CASTAWAY RENTALS

Our very ancient ancestors were born in the sea and we are drawn back by the hypnotic rhythm of the waves. Like lemmings we make our way to the ocean each summer, undeterred by obstacles, adversities or toll booths.

Inching southward on the Garden State Packedway, with family and engine overheating, we begin to trade the cares and fears of our landlocked lives for the cares and fears of oceanside living.

After three hours of inching and a hundred Are-we-almost-theres?, we arrive at Jellyfish Beach where we have reserved a place at Bertha’s Bungalow rentals and sales. (“She sells cheap shells by the seashore”)

Your cozy cottage, according to Bertha, is within easy walking distance of the beach, but Bertha has run in three Boston Marathons and is a retired Marine drill sergeant.

Bertha also claimed your cottage sleeps eight, but you forgot to ask if that was simultaneously. Now she demonstrates how the kitchen table converts to a double bed and the living room couch opens up almost completely. Two can sleep there if one sits up.

There is a nice view of the cottage from the detached guest bathroom, The promised third bathroom is even more detached. Bertha has an arrangement with a local Texaco Station. Well, what do you want for $2,000 a week, the Beverly Hilton?

Jellyfish Beach beckons. There is a genuine feeling of homecoming as you approach the entrance. The ocean, after all, is our Mother. She belongs to all of us. The beach is another matter. It belongs to the taxpayers of Jellyfish Townsip and they charge five bucks a head per day.

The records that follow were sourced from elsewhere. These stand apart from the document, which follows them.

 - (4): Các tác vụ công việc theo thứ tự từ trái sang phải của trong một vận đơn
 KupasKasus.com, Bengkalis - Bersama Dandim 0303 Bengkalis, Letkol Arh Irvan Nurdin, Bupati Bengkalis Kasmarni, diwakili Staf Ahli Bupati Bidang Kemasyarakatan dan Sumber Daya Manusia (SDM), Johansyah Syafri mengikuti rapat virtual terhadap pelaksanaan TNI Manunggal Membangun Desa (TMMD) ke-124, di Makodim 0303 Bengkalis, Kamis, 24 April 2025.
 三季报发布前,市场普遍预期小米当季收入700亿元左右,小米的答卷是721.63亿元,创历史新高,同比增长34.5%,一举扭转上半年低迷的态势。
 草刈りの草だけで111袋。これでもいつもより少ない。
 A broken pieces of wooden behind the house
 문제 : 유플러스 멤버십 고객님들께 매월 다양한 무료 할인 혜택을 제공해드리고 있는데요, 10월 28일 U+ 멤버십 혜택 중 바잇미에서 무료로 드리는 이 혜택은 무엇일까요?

You spread your beach blanket and collapse beneath your umbrella until a strong gust sends it pinwheeling towards the boardwalk. Never mind, you will soon be romping in the waves and body surfing. A lifeguard looks at you oddly when you ask ” what time does the ocean calm down?”

Finally, you join your frolicking family and bravely dive into a hugh white-capped roller which does a 180 and pulls you out towards what could be shark country. Was that a fin poking out of the foam?

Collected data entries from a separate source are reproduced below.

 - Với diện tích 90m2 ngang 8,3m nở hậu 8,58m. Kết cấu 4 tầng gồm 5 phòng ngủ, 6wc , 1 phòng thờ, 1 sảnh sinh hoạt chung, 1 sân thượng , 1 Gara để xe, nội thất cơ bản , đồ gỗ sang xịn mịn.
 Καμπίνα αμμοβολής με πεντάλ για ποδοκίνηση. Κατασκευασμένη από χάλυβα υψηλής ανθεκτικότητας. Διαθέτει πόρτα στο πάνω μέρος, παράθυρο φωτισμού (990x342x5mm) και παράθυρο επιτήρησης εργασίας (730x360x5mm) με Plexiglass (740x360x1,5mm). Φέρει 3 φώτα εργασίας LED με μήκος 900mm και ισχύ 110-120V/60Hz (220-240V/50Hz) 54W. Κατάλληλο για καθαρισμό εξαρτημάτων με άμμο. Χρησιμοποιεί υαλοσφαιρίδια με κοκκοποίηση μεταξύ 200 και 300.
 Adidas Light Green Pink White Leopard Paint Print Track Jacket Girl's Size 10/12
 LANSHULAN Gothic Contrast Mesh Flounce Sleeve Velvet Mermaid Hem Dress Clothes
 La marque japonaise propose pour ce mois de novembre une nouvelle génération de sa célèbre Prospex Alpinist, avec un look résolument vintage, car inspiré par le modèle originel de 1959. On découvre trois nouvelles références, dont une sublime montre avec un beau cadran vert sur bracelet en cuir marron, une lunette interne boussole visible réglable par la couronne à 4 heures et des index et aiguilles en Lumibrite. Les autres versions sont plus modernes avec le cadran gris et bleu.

You’ve seen “Jaws” a dozen times and you know exactly what to do, but the famly votes you down. They will not drive a mile or two inland and find a motel. They’re having too much fun.

As the sun sinks and the shadows lengthen across the sand, your happy group returns to Bertha’s for quick showers (If the Texaco Station is still open) and seaside games, like peeling off each other’s skin. Or you might return to the boardwalk in the evening and spend a week’s wages trying to win a stuffed monkey.

Tomorrow you can go out on a crowded chartered fishing boat and possibly win the pool for the seasickest person on board. Or you could sit on the beach again and watch for oil slicks and red tides. There are so many possibilities!